We have also to specify the library of algorithms that we want to use to predict the event of interest and to be used to form the stack. We could see all the algorithms that the user could potentially include in the analysis through stackBagg::all.algorithms(). Let ’s use all of them and we denote it as ens.library.
ens.library <-stackBagg::algorithms()
ens.library
#> [1] "ens.glm" "ens.gam" "ens.lasso"
#> [4] "ens.randomForest" "ens.svm" "ens.bartMachine"
#> [7] "ens.knn" "ens.nn"
Another argument of the function stackBagg::stackBagg is a list of tune parameters for each machine learning procedure. If this argument is missing, the function uses as default values the same used for the simulation in the paper.

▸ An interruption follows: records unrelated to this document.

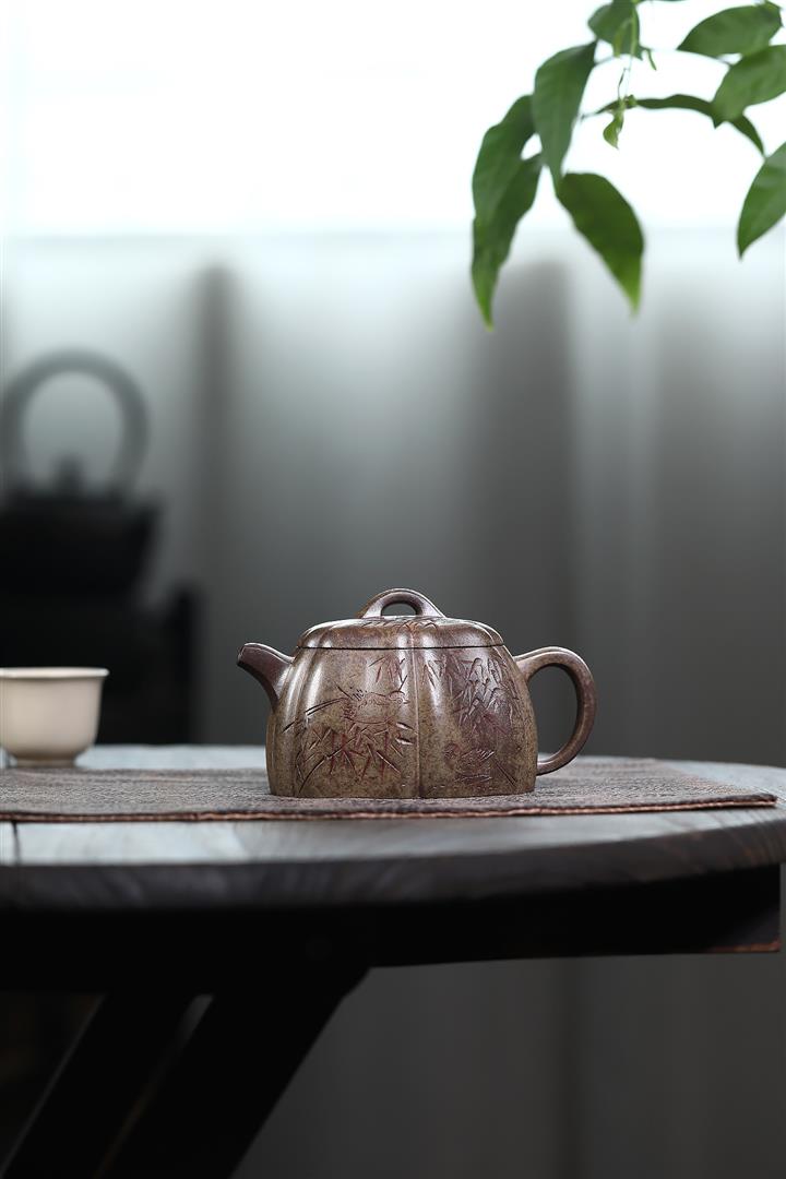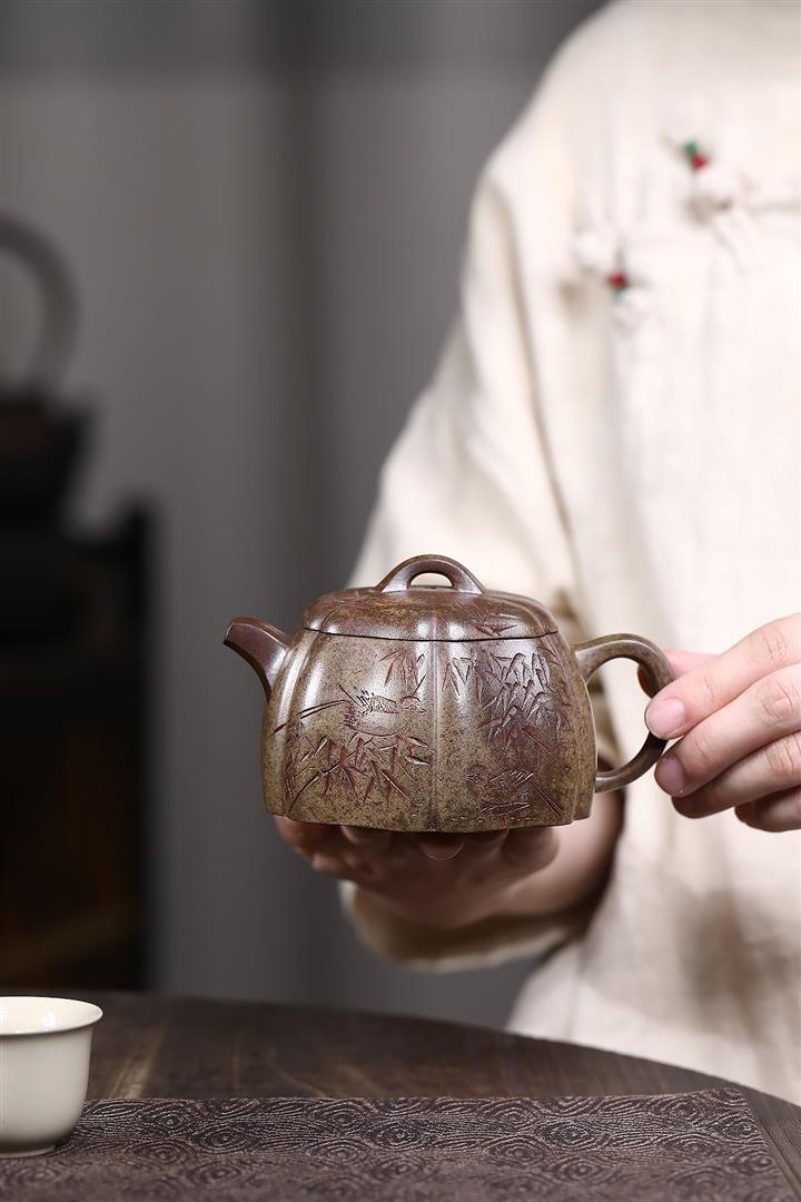 340cc原礦龍骨金砂報春-鏤空觀音茶壺POT8965
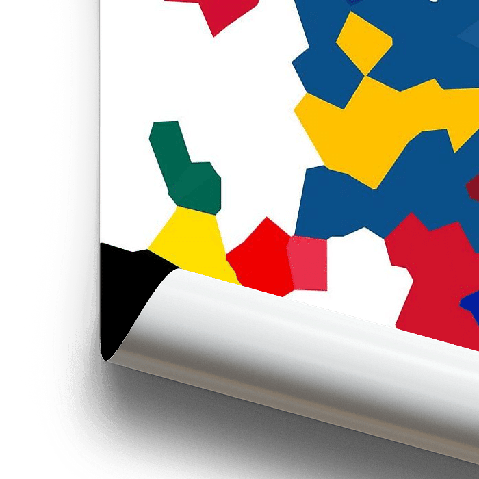 Between 2013 (the accession of Croatia) and 2020 (Brexit), the European Union had 28 member states. The flags of these countries are ordered here in such a way that the boundaries are fading:: colors, surfaces and lines flow into each other and create abstract patterns. Then a crystallization filter has been applied creating play of colors in which the individual flags are hardly recognizable.
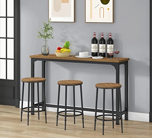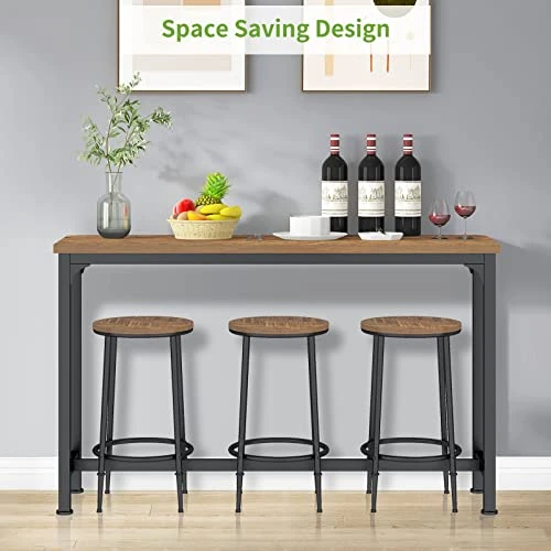 - [Space-saving Design]-The 3 stools can be neatly moved into the bottom of the table when not in use. The dining table set won’t occupy too much space. Table size: 59″ (L) x 15.4″ (W) x 35.8″ (H), chiars size: 16.7″ (L) x 16.7″ (W) x 26.4″ (H)
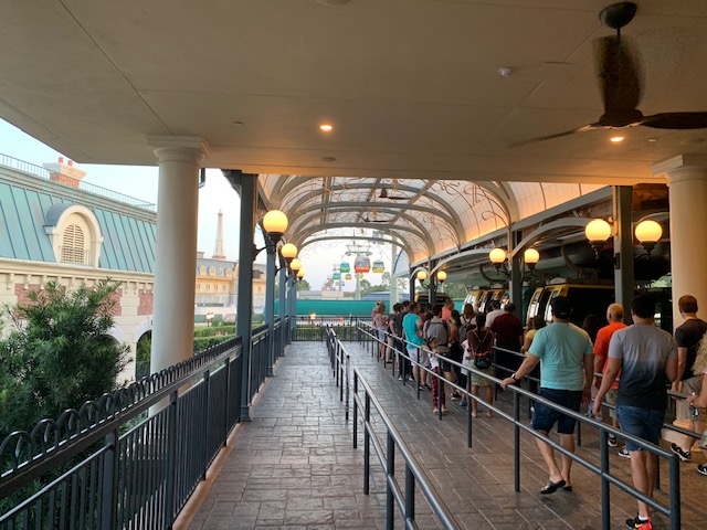 We were able to do all the routes except going from Caribbean Beach back to Hollywood studios. The line went down just as we were to step into the cabin. We walked over to the internal bus stop where they had buses to take us back to the park.
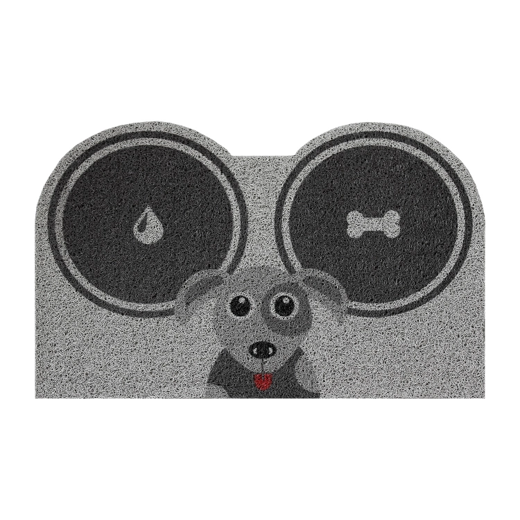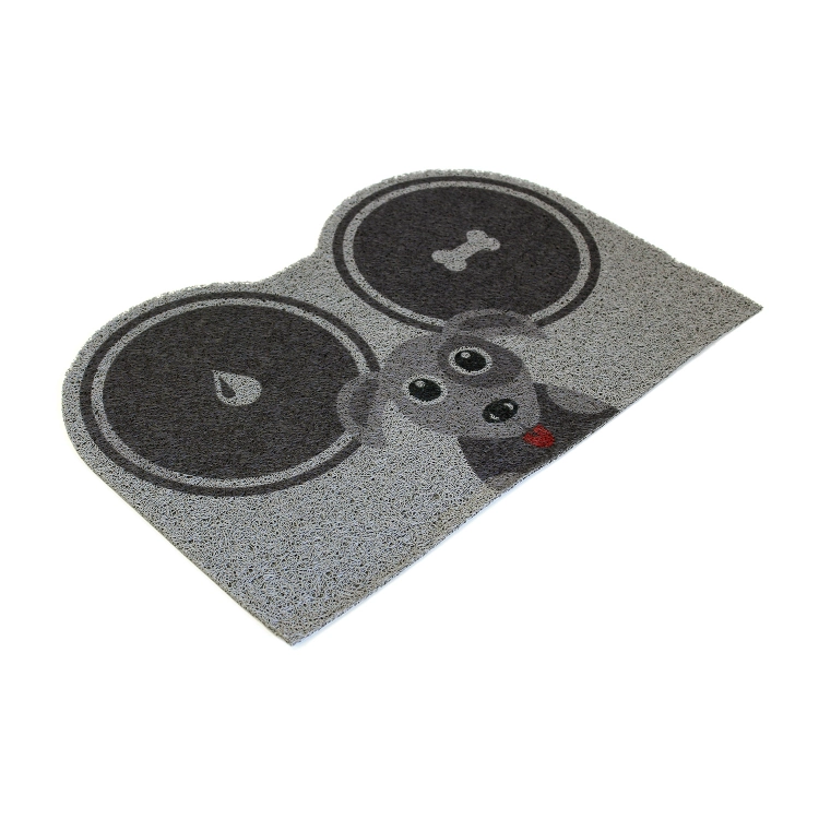 materiál 100% Polyvinylchlorid, barevné provedení šedá s potiskem odolná, snadno omyvatelná protiskluzová rohožka pro exteriér vhodná jako podložka pod misky s krmením pro vašeho mazlíčka materiál je antibakteriální a odolný proti plísním
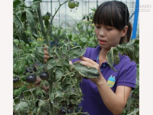 Chị Phạm Thị Xuân Thủy, chủ vườn cà chua đen ở thôn K’Long C, xã Hiệp An (Đức Trọng) cho biết, cách đây khoảng 1 năm, khi giá cà chua xuống thấp, khó tiêu thụ, gia đình chị nghĩ đến cách làm ăn mới, nhập hạt giống cà chua đen (7.000 đồng/hạt) về trồng thử. Vì giống lạ nên ban đầu chỉ dám trồng thử 200 cây, khi thấy hiệu quả mới mở rộng lên diện tích 1.000 m2 (tương đương 3.000 cây), trồng trong nhà kính để ngăn ngừa sâu bệnh.
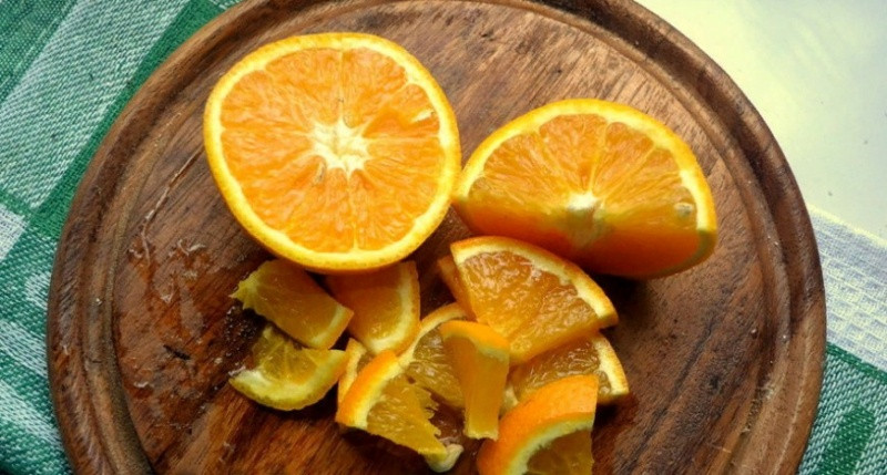 2. Подготовим апельсин. Возьмите цитрус среднего размера. Его нужно помыть и нарезать на кусочки. Также можете пропустить фрукт через мясорубку или измельчить в блендере.
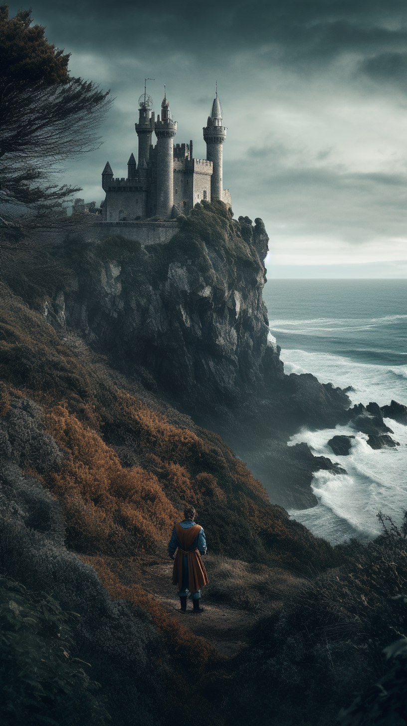 Midjourney prompt: A magnificent castle on a cliff edge overlooking t...
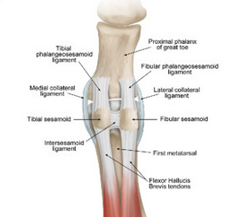 The sesamoids act like tiny kneecaps for the big toe. They bear load during push off and can get irritated with forefoot pressure and calf tightness.¹
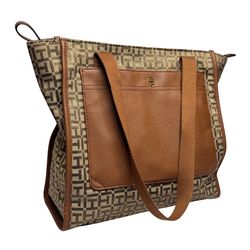 Tommy Hilfiger Brown Logo Tote Bag with Leather Trim, Shoulder Strap, Pockets$30Victoria, TX
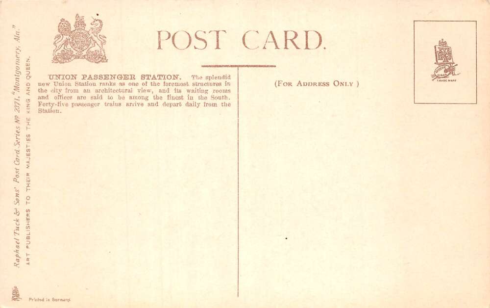 Montgomery Alabama Union Passenger Station, Tuck Published, Vintage PC U26718
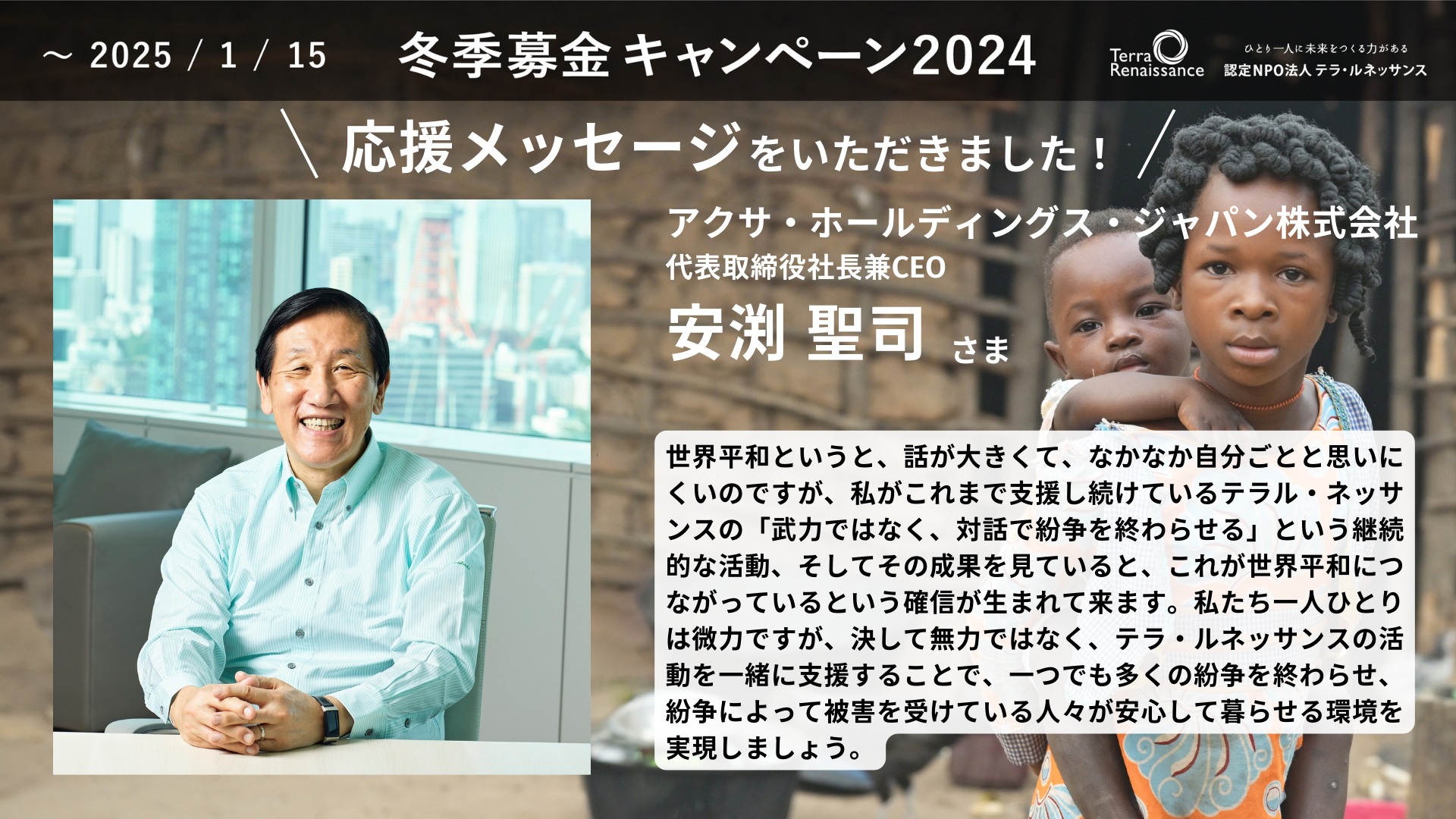 【応援メッセージ】アクサ・ホールディングス・ジャパン株式会社 代表取締役社長兼CEO 安渕聖司さま
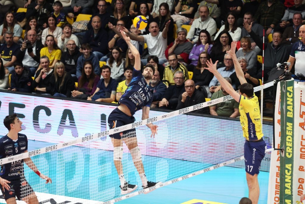 La cronaca. L’Itas Trentino si presenta in Emilia ancora priva di Kozamernik; l’allenatore Fabio Soli conferma quindi lo starting six che prevede anche Sbertoli in regia, Rychlicki opposto, Michieletto e Lavia schiacciatori, Bartha e Flavio centrali e Laurenzano libero. La Valsa Group Modena risponde con De Cecco al palleggio, Buchegger opposto, Davyskiba e Rinaldi in banda, Mati e Sanguinetti al centro, Federici libero. L’avvio di match è molto equilibrato, con i padroni di casa che provano subito a scappare (2-4), ma vengono immediatamente ripresi dagli ospiti che tengono bene il campo specialmente in fase di cambiopalla (9-9). Un attacco out di Michieletto offre il nuovo +2 interno (9-11), poi Rinaldi sbaglia a sua volta consegnando la parità a quota 12; il nuovo strappo emiliano arriva con Buchegger al servizio (12-15), situazione che costringe Soli a spendere un time out. Alla ripresa Trento lotta ma sembra non riuscire più a riavvicinarsi (17-19 e 19-22), anche perché i gialloblù faticano a mettere il pallone a terra in posto 4. Un ace di Bartha ed il successivo contrattacco di Lavia ricostruiscono invece la parità a quota 22, ma è un equilibrio precario, perché poi Buchegger realizza il 23-25 alla prima occasione utile per la Valsa Group.
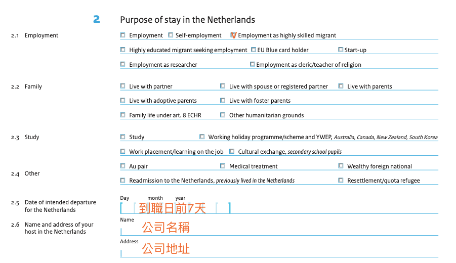 MVV申請書原則上可參照「荷蘭台灣辦事處」官網的填寫範例,ASML人事部還非常貼心提醒需「勾選Employment as highly skilled migrant」並同時提供公司地址供填寫,服務很細膩。
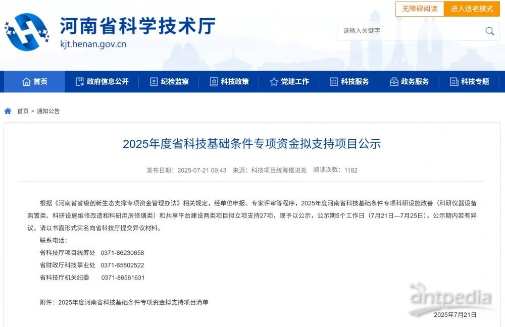 根據《河南省省級創新生態支撐專項資金管理辦法》相關規定,經單位申報、專家評審等程序,2025年度河南省科技基礎條件專項科研設施改善(科研儀器設備購置類、科研設施維修改造和科研用房修繕類)和共享平臺建設兩類項目擬立項支持27項,現予以公示,公示期5個工作日(721—725日)。公示期內若有異議,請以書面形式實名向省科技廳提交異議材料。
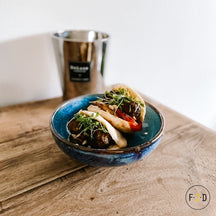 Door de reactieve glazuurtechniek kan kleur en patroon per kom variëren; dit is een kenmerk van de Nova-lijn en maakt elk stuk uniek.
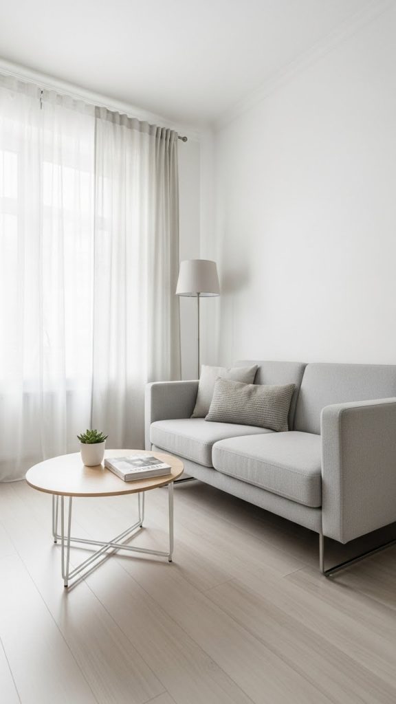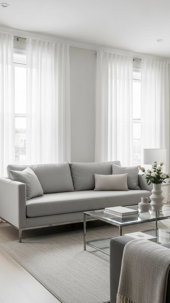1. Modern Minimal Living Room with Sheer Curtains
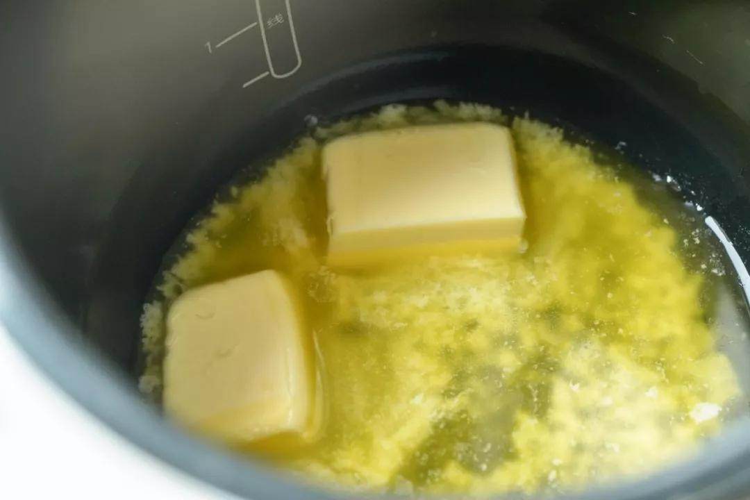 4、电饭煲按下煮饭键,然后放入40g黄油待黄油融化。

For now, we are going to use the default values for the tune parameters. Additionally, we will use 5 folds and we are going to show the results computing the weights under a Cox proportional hazard model (CoxPH) and boosting Cox regression (Cox-Boost).
Firstly, we model the weights under CoxPH and we train the different models and get their predictions on the test data set.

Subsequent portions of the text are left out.